▼

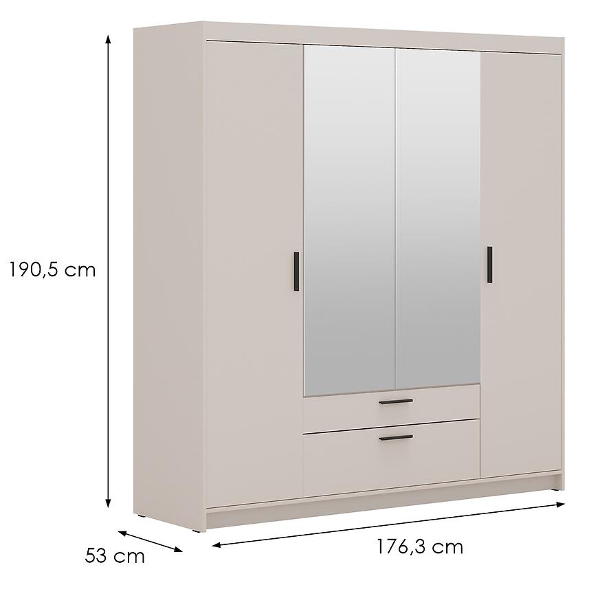 Dzięki szerokości 176,3 cm, wysokości 190,5 cm i głębokości 53 cm, szafa Elena 4D 2S oferuje dużą przestrzeń do przechowywania ubrań, pościeli i akcesoriów. Kilkudrzwiowa konstrukcja w połączeniu z dwiema szufladami pozwala na wygodną organizację wnętrza, a wbudowane lustro na froncie zwiększa funkcjonalność mebla i optycznie powiększa przestrzeń, co jest szczególnie przydatne w większych i mniejszych pokojach.
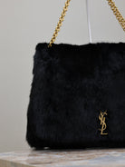 JAMIE 4.3 LARGE BAG 43 IN BLACK LAMB FUR GOLD HARDWARE
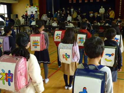 ランドセルの後ろにはメッセージが1文字ずつ書かれていました。
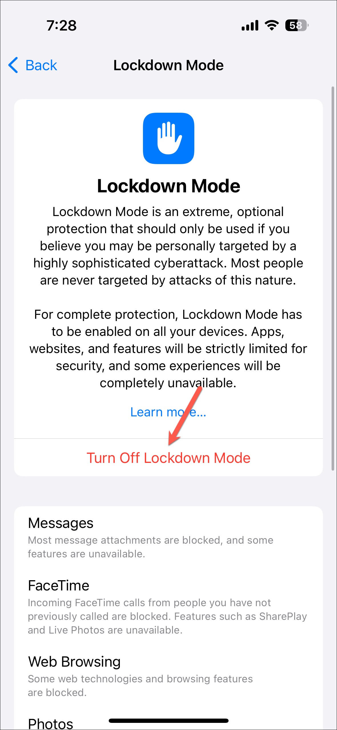 - Then, scroll down past the information about Lockdown Mode and tap on 'Turn on Lockdown Mode' again.
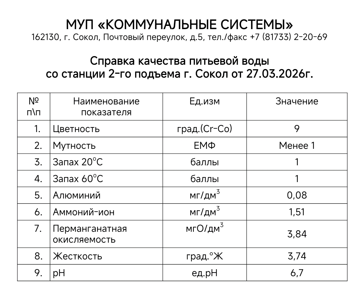 Справка качества питьевой воды на 27.03.2026
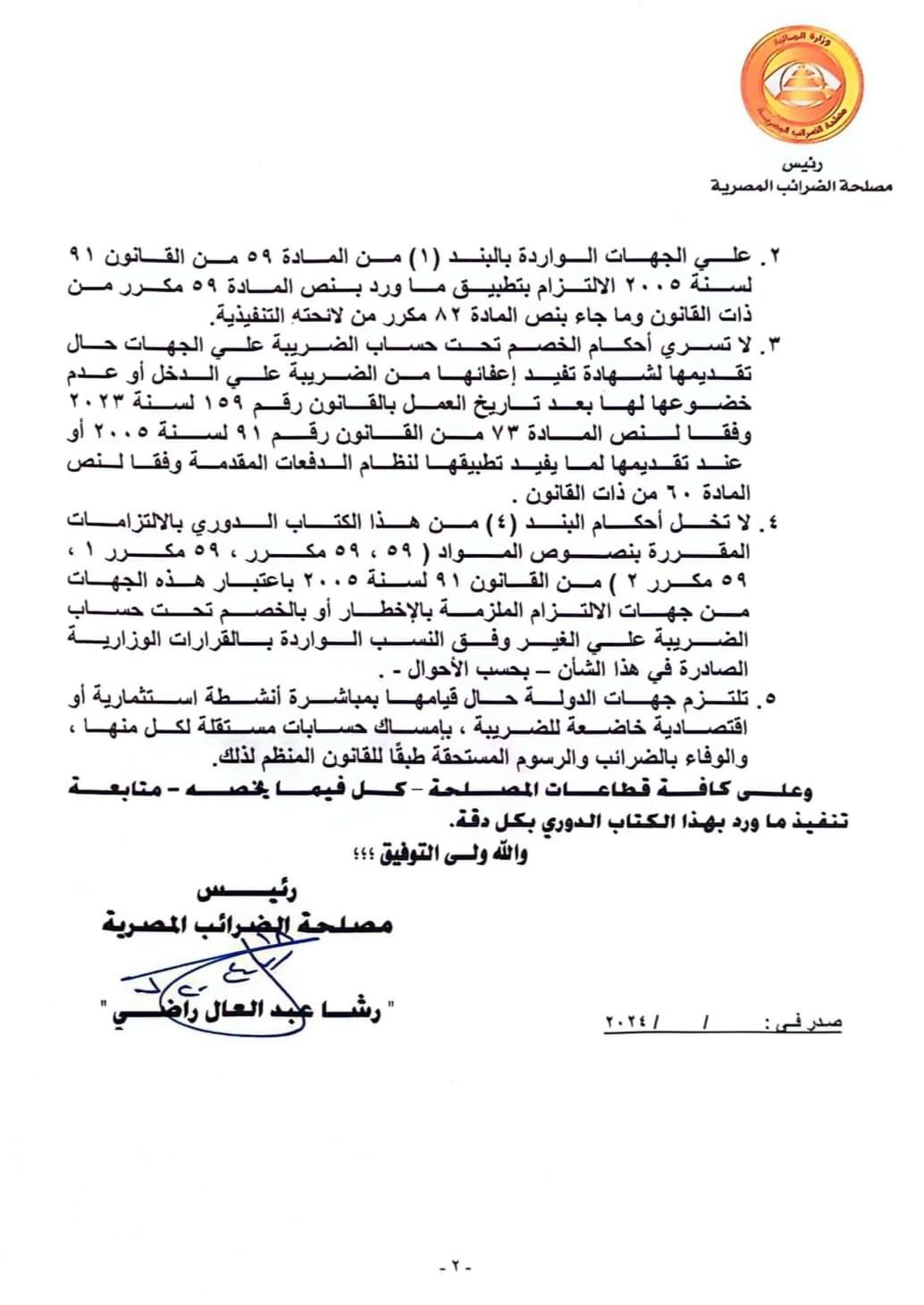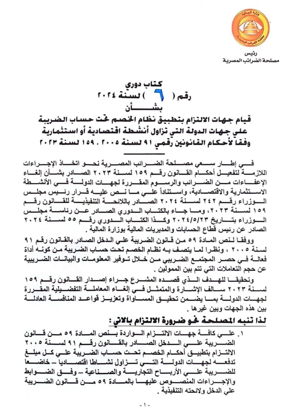 لغاء إعفاءات الضرائب والرسوم المقررة لجهات الدولة.. كتاب دوري رقم (6) لسنة 2024، صادر عن مصلحة الضرائب المصرية، بشأن قيام جهات الإلتزام بتطبيق نظام الخصم تحت حساب الضريبة على جهات الدولة التي تزاول أنشطة إقتصادية أو إستثمارية وفقاً لأحكام القانونين رقمي 91 لسنة 2005 و 159 لسنة 2023
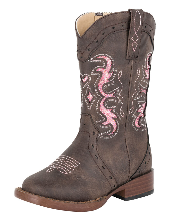 Roper Toddlers Lexi Western Boots (17901998) Chocolate/Pink Glitter 5 [SD]
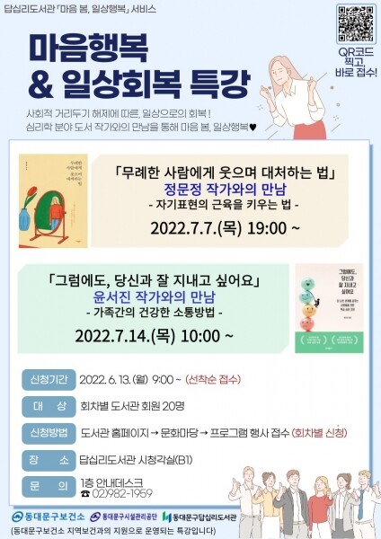 ‘마음 행복&일상 회복 특강’은 ‘마음 봄, 일상 행복 서비스’의 일환으로 진행되는 프로그램으로 동대문구보건소 지역보건과의 지원을 받아 주민들의 마음건강을 살피기 위해 선정한 심리학 분야 도서 작가들과의 만남을 두 차례 진행한다.

▲

ASSIGNED TASK
All of the data should be returned word for word, with each picture left out.

RESPONSE AREA
 Dzięki szerokości 176,3 cm, wysokości 190,5 cm i głębokości 53 cm, szafa Elena 4D 2S oferuje dużą przestrzeń do przechowywania ubrań, pościeli i akcesoriów. Kilkudrzwiowa konstrukcja w połączeniu z dwiema szufladami pozwala na wygodną organizację wnętrza, a wbudowane lustro na froncie zwiększa funkcjonalność mebla i optycznie powiększa przestrzeń, co jest szczególnie przydatne w większych i mniejszych pokojach.
 JAMIE 4.3 LARGE BAG 43 IN BLACK LAMB FUR GOLD HARDWARE
 ランドセルの後ろにはメッセージが1文字ずつ書かれていました。
 - Then, scroll down past the information about Lockdown Mode and tap on 'Turn on Lockdown Mode' again.
 Справка качества питьевой воды на 27.03.2026
 لغاء إعفاءات الضرائب والرسوم المقررة لجهات الدولة.. كتاب دوري رقم (6) لسنة 2024، صادر عن مصلحة الضرائب المصرية، بشأن قيام جهات الإلتزام بتطبيق نظام الخصم تحت حساب الضريبة على جهات الدولة التي تزاول أنشطة إقتصادية أو إستثمارية وفقاً لأحكام القانونين رقمي 91 لسنة 2005 و 159 لسنة 2023
 Roper Toddlers Lexi Western Boots (17901998) Chocolate/Pink Glitter 5 [SD]
 ‘마음 행복&일상 회복 특강’은 ‘마음 봄, 일상 행복 서비스’의 일환으로 진행되는 프로그램으로 동대문구보건소 지역보건과의 지원을 받아 주민들의 마음건강을 살피기 위해 선정한 심리학 분야 도서 작가들과의 만남을 두 차례 진행한다.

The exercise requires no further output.